Я еще чувствовала слабость и мы танцевали с Лолой только медленные танцы, ласково поглаживая друг друга пальцами, и вдруг из-за ее плеча я вновь встретилась глазами с мужчиной, которого видела днем, одиноко бродящим у воды. Он стоял у края веранды в легких светлых брюках и голубой джинсовой pyбашке с закатанными рукававми и пристально смотрел на меня ничуть не смущаясь. Я улыбнулась ему, мне понравилась открытость его взгляда, правильная форма носа и подбородка, высокий лоб с зачесанными назад гладкими пшеничными волосами.
Обьявили небольшой перерыв и мы направились к скамейке, на которой беззастенчиво обнимались уже заметно пьяненькие Рита и Катенька, они протянули нам по банке пива.
- Вон тот тип все время пялится на вас, - сообщили они.
- Ты с ним не знакома? - спросила меня Лола.
- Кажется, нет, - смеясь ответила я. - Но если он пригласит меня на танец, постараюсь узнать, кто он такой.

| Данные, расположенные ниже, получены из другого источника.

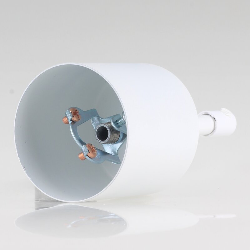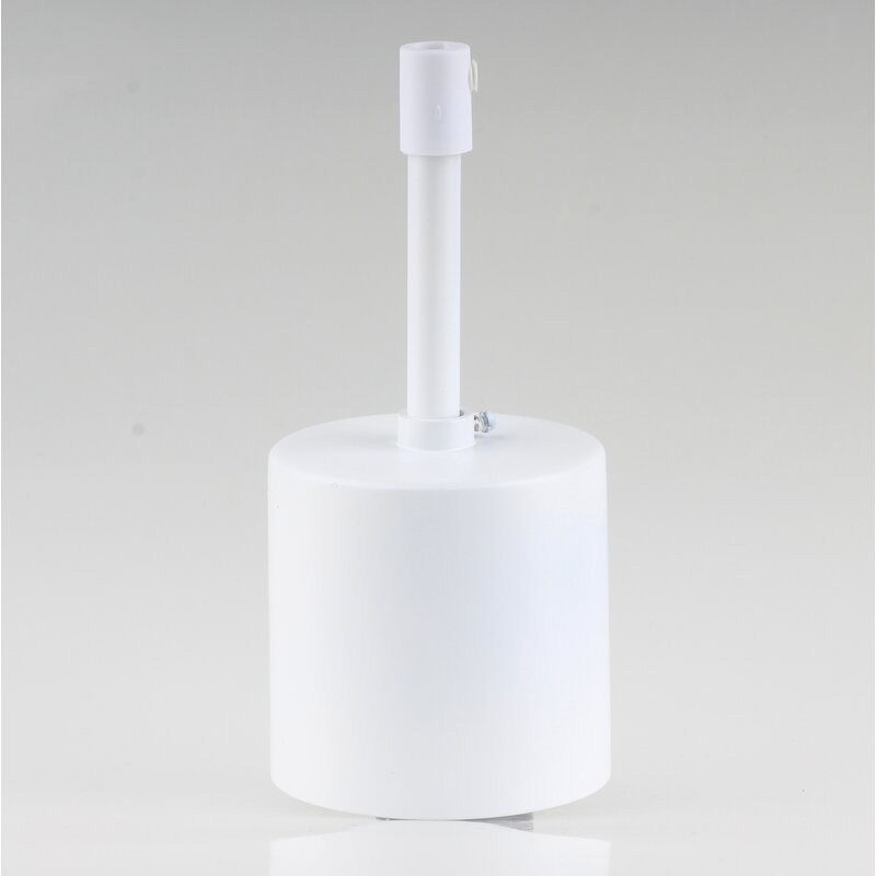 Der Lampen-Deckenbaldachin in Zylinderform aus Metall, weiß matt (Ø 62 mm, Höhe 63 mm) mit Pendelrohr und integrierter Zugentlastung ist eine hochwertige Komplettlösung für die fachgerechte Montage von Pendel- und Hängeleuchten. Die schlichte, zylindrische Bauform in mattem Weiß passt ideal zu modernen, klassischen und skandinavischen Leuchtenkonzepten.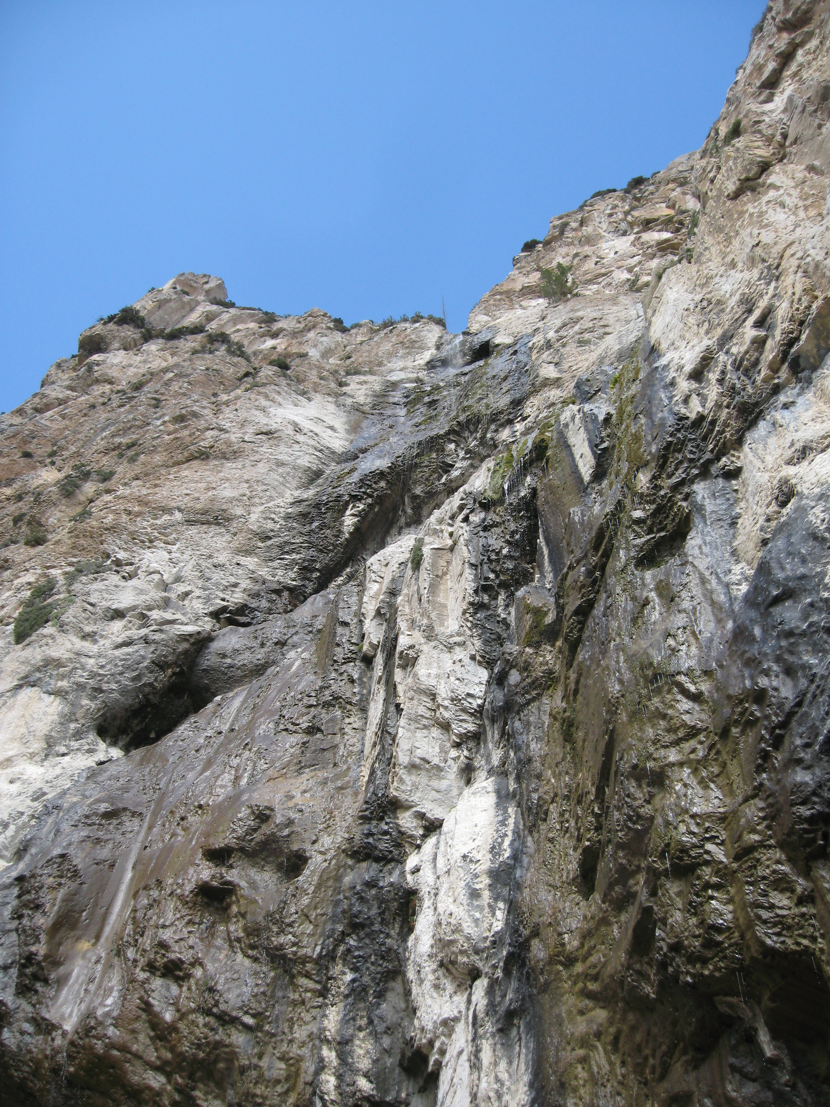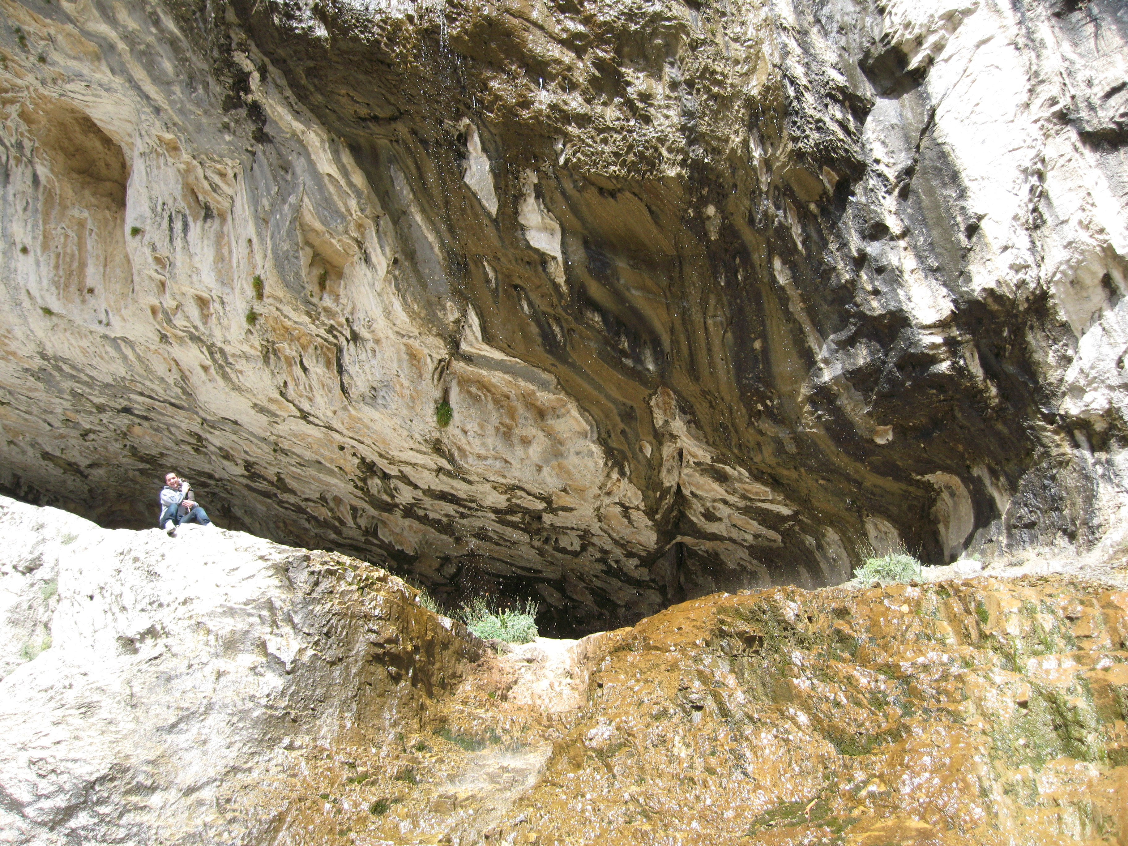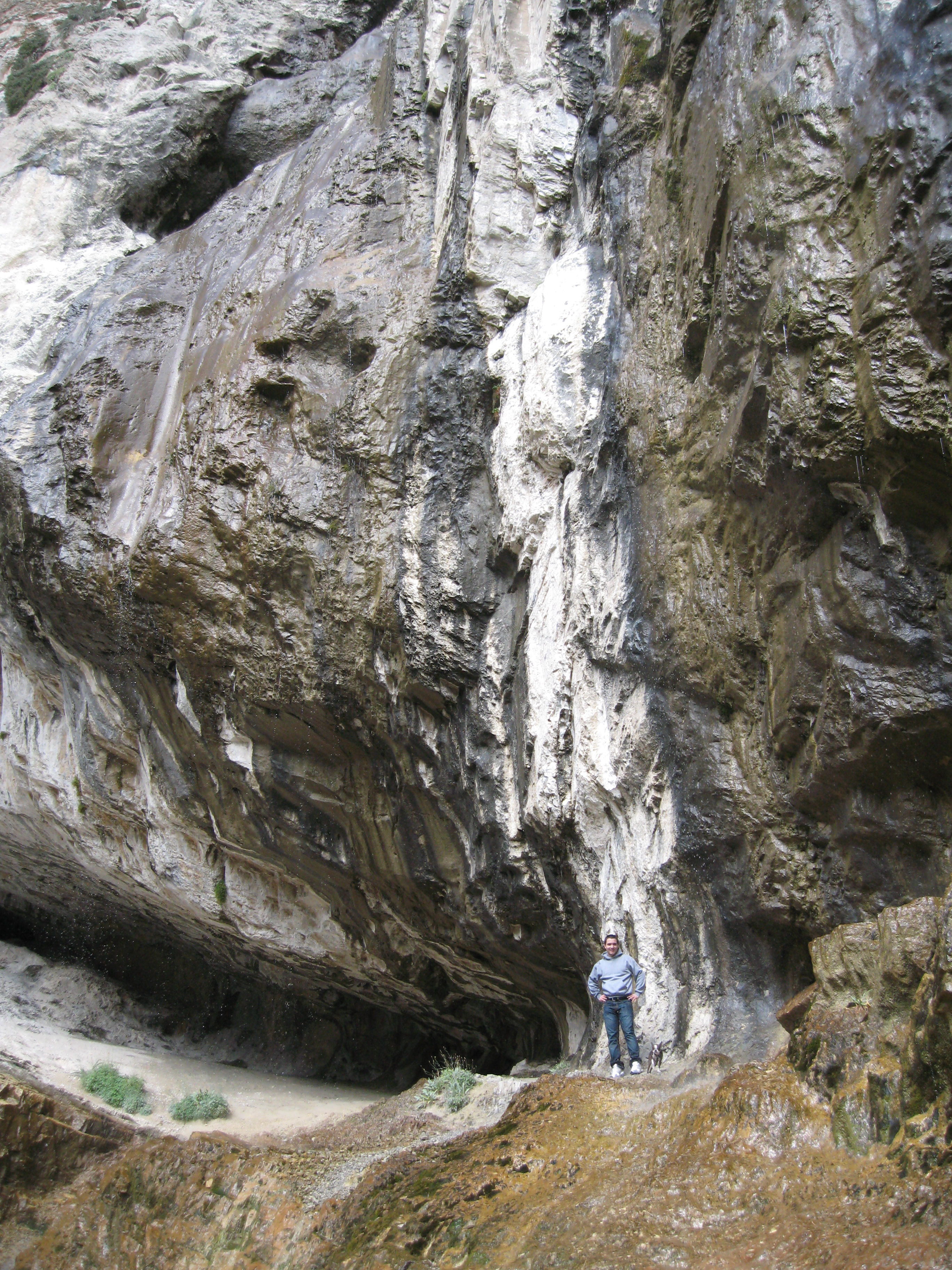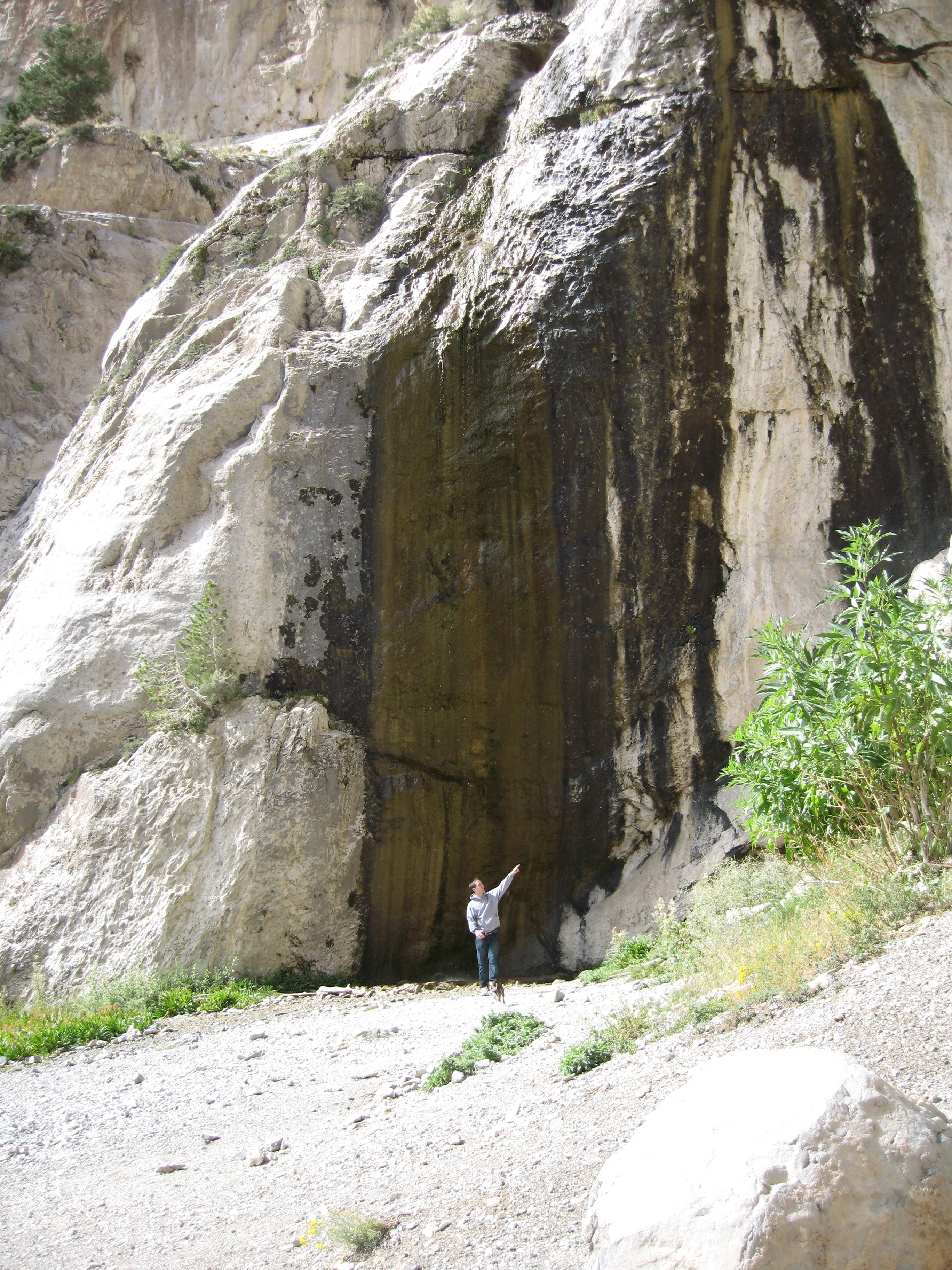 Looking out from the bottom of the falls. Note the patches of snow above Matthew. It is October. Those have been there all summer.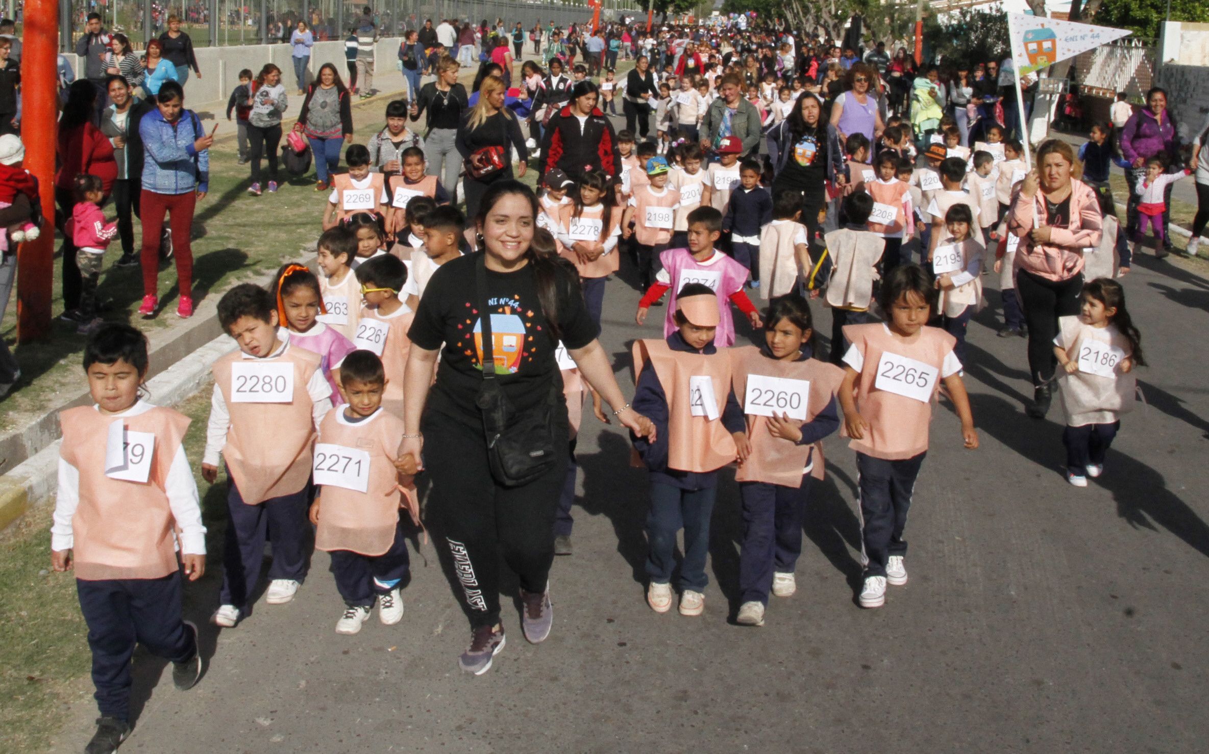 Por grupos, por colores, por jardines y rodeados de una soga para evitar que se dispersaran, avanzaron lo más rápido que pudieron por la calle. Algunos lo hicieron solos, otros de la mano de su mamá. Así recorrieron cuatro cuadras alrededor del Parque de Chimbas. Fue en el marco del primer maratón de los jardines de infantes que se organizó en ese departamento y que el Ministerio de Educación tomó como actividad de cierre de la Semana de los Jardines de Infantes que comenzó el lunes pasado. Fueron más de 2.000 niños entre los 3 y 5 años que apostaron por esta actividad organizada por la Municipalidad de Chimbas. Participaron 25 ENI, varios jardines maternales del departamento y 4 Centros de Desarrollo Infantil. Cada salita estuvo identificada con un color y no importó quién llegaba primero. El objetivo fue correr en grupo y llegar a destino de la mano de las seños.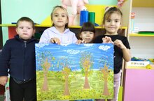 Бүген рәсем,кисеп-ябыштыру шөгылендә көзге агачлар ясадылар./ Сегодня на занятиях рисование и апплекации дети сделали осенние деревья.

Когда зазвучала следующая мелодия, незнакомец-мужчина подошел и пригласил меня на танец. Я глянула на Лолу, та настороженно пожала плечами. Хоть на танцплощадке могу я распоряжаться собой, решительно подумала я, и пошла с ним.
Мы неспешно кружились, среди толпы танцующих, умело избегая столкновений с экспрессивными подвыпившими парами, от него едва заметно и приятно пахло дорогим мужским одеколоном, на своей трепещущей спине я чувствовала его уверенные руки.
- Вы здесь часто бываете? - вежливо спросил он меня.
- Впервые. Меня привезла сюда подруга.
- Мне показалось, с вашей подругой вас связывает нечто большее чем дружба, извините, я наблюдал за вами.
- А у вас разве здесь нет никаких привязанностей? - с ехидством поинтересовалась я.
- Нет, - искрение рассмеялся он. К концу танца я узнала, что его зовут Вадим, он занимается бизнесом, приехал сюда на "Вольво" и не имеет ничего общего со странными обитателями этих красивых мест.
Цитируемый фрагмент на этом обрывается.